Funds have a lot of problems with property, especially in the Russian Federation. Representatives of non-profit organizations are often "tempted" to engage in entrepreneurial activities with available funds. Honest and timely auditing can be the solution to the problem. This procedure will help "improve" the organization, and sometimes completely restore the legal entity in legal capacity.
In the classification of legal entities, one more form of non-profit instance should be singled out - a religious organization. This is a voluntary association of people formed for the purpose of professing and spreading religious beliefs. It is for this type of organization that there are the greatest number of benefits and indulgences. They are exempt from taxation, they are allowed to "collect" the former church lands, and finally, religious education is not forbidden in modern society. There is only one condition for such organizations: they must act in strict accordance with the laws of the Russian Federation.

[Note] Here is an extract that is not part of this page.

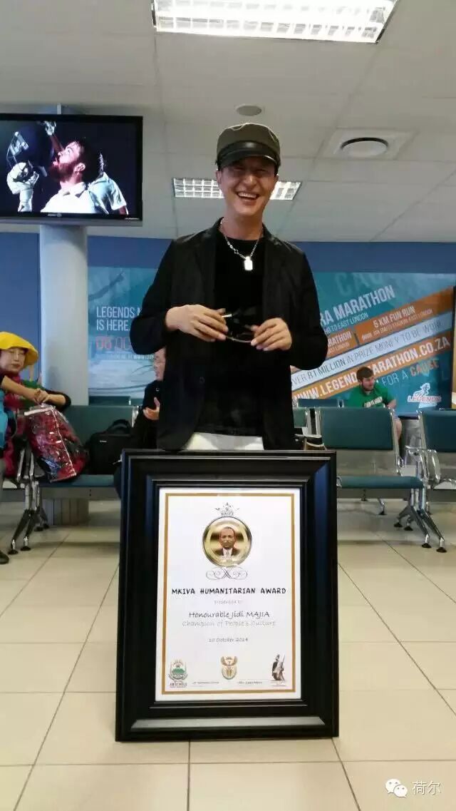 吉克:这个奖设得比较高,包括曼德拉,以及很多国家的一些总统、国王等国际名人都参与获得过这个奖。那吉狄马加先生可以说是我的老师,在很早以前我的汉语部分的作词就受到他的很多诗歌影响,因为他用汉语描绘自己的家乡,描绘关于彝族的信仰、村庄、部落,实质上都是很准确的。原来计划是他自己要去,顺便也带我出去玩的,但是后来有诸多的原因,他就不能去了。这样以后,估计他也想了一下谁能够有资格代他去南非领这个奖项。一个我觉得我不是政治家,也不是什么专家学者,我就是个音乐人。还有一个可能他考虑到我对自己的故乡和母族文化的热爱,或者直接说是因为我的信仰。到了南非以后,人家介绍我也是这样的,首先这位先生是一位民族宗教人士,其次才是一名歌手。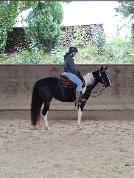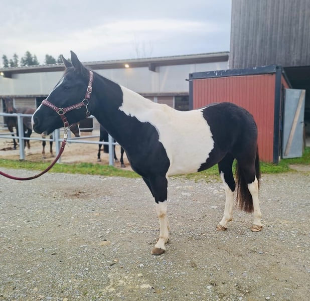 Mit schwerem Herzen suche ich für meine bald 4-jährige Paint Horse Stute „DancingMSHollywood“ (Holly) ein liebevolles neues Fünf-⭐️-Zuhause. 🌿 Wie ihr Name schon verrät, ist Holly eine junge Stute mit viel Ausdruck, Charme und Persönlichkeit. Ihr freundliches Wesen und ihre Intelligenz stechen sofort ins Auge. Ich habe Holly selbst gezogen – aus meiner Stute Steppin Miss Colonel und dem tollen Hengst Dancing Boys Okie. Mit ihrer wunderschönen Zeichnung ist sie nicht nur optisch ein echter Blickfang, sondern überzeugt auch durch ihr liebevolles, neugieriges Wesen. ✨ Über Holly: - bald 4 Jahre jung, angeritten und lernt täglich Neues dazu - neugierig, menschenbezogen und sehr verschmust (manchmal vergisst sie dabei, wie gross sie schon ist 😉) - kennt Kinder, Hunde, Katzen und den Alltag auf dem Bauernhof - steht aktuell in einer kleinen Offenstallgruppe mit 2 anderen Stuten - während des Beritts (bei Ben Fischer) war sie Boxenhaltung gewohnt - läuft barhuf, was bisher bestens funktioniert - braucht eine konsequente, aber sehr feine und liebevolle Hand, die ihr den Weg zeigt Holly schenkt ihr Herz ganz – wenn du sie einmal gewonnen hast, hast du eine treue Gefährtin fürs Leben. 🩵 Sie liebt Nähe und Zuwendung, manchmal etwas stürmisch, aber immer ehrlich und voller Vertrauen. 📜 APHA-Papiere vorhanden 📍 Standort: Kanton Thurgau, Schweiz 💰 Preis: ca. CHF 10‘🥕🥕🥕 – Platz geht klar vor Preis! Für mich muss das Gesamtpaket stimmen – mir ist wichtig, dass Holly in Hände kommt, die sie mit Geduld, Liebe und Herz fördern. ❤️ Wenn dich Holly anspricht, melde dich gerne bei mir. Ich erzähle dir mehr über sie und sende dir bei Interesse auch weitere Bilder oder Videos.

It is on the example of religious institutions that one can trace the significance of the classification of legal entities. Different organizations have different requirements. The processes of formation, reorganization and liquidation are completely different from each other. And this is essentialadvantage in the modern civil sphere. Individuals who wish to form an organization have many options before them to form one.
Institutions
Having analyzed the basic concepts, types and classifications of legal entities, we should turn to the last form of organization: institutions. This institution differs from funds in a few elements, but the main thing is in the type of property management. Thus, the founder of the instance manages the organizational property. That is why it is called an institution.
According to the Civil Code of the Russian Federation, the founder can be an individual or a legal entity. He has the right of "operational management", which consists in complete control over everything that happens in the organization. The co-founder procedure is also allowed - the creation of a legal entity by several persons. The founders can either independently manage the institution or do it through intermediaries - "manual" leaders.
There are several types of institutions. The law divides them into private, as well as state and municipal. Private instances are managed by an independent person, while public ones are managed directly by the state. Government officials have state property at their disposal, which is subject to special protection.
From the well-known Russian institutions, all authorities should be singled out - executive, legislative, and judicial. In the systems and classifications of legal entities, the concept of "public institution" occupiesfirst place. There are also quite a few private institutions in Russia. These are various legal, cultural, social and other instances.